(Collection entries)
----------------
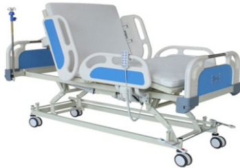
Five Function Electric Hospital Cot with Mattress
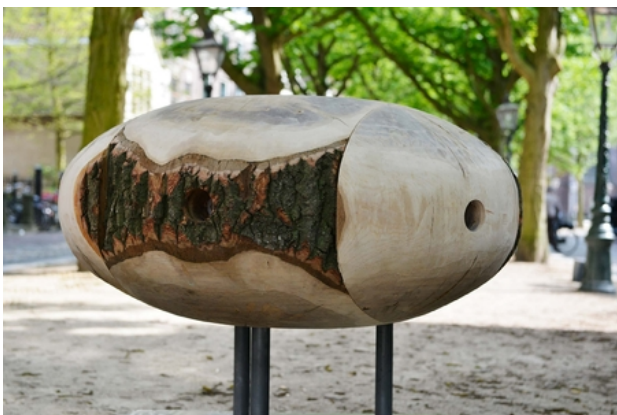
Descendant, 2015 woodcarving, 120 x 120 x 100
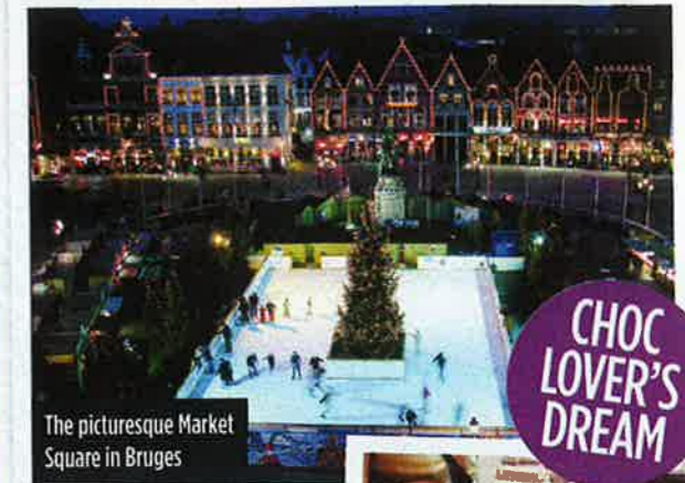
The picturesque Market Square in Bruges
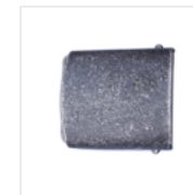
latch old silver
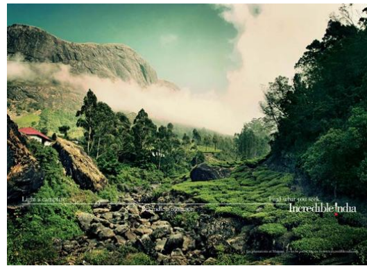
Figure 3(b) 24

They also advertised about their famous monuments as shown in figure 4 or used tourists’ favourite destinations such as Taj Mahal as it is the one of the world’s most beautiful buildings as presented in figure 5
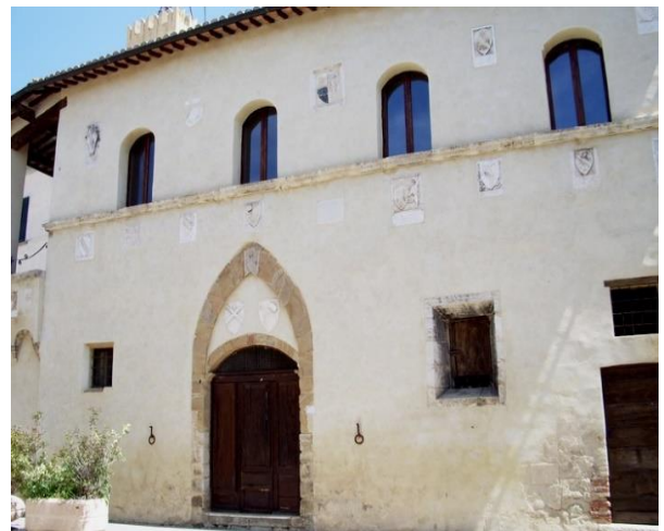
31 Coats of arms of the noble families affixed to the façade

Project carried out with the contribution of the
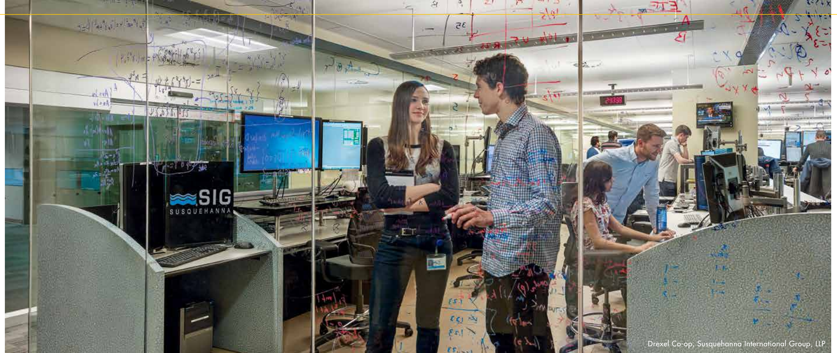
Drexel Co-op, Susquehanna International Group, LLP

The Steinbright Career Development Center, one of the largest collegiate co-op and career services teams in the world, sets you up for success at Drexel from day one. Whether you're looking for potential co-op employers, research opportunities, or post-graduate endeavors, Steinbright connects you to Drexel's constantly growing network of employers and industry leaders while also building your résumé and interview skills through workshops and information sessions. Our unique combination of world-class career services and dedicated counseling professionals will help guide you to discover your interests and develop your professional tools.
----------------
• ASSIGNED TASK
Check every line above for the word "with" and copy those that have it.

• OUTPUT
Five Function Electric Hospital Cot with Mattress
Project carried out with the contribution of the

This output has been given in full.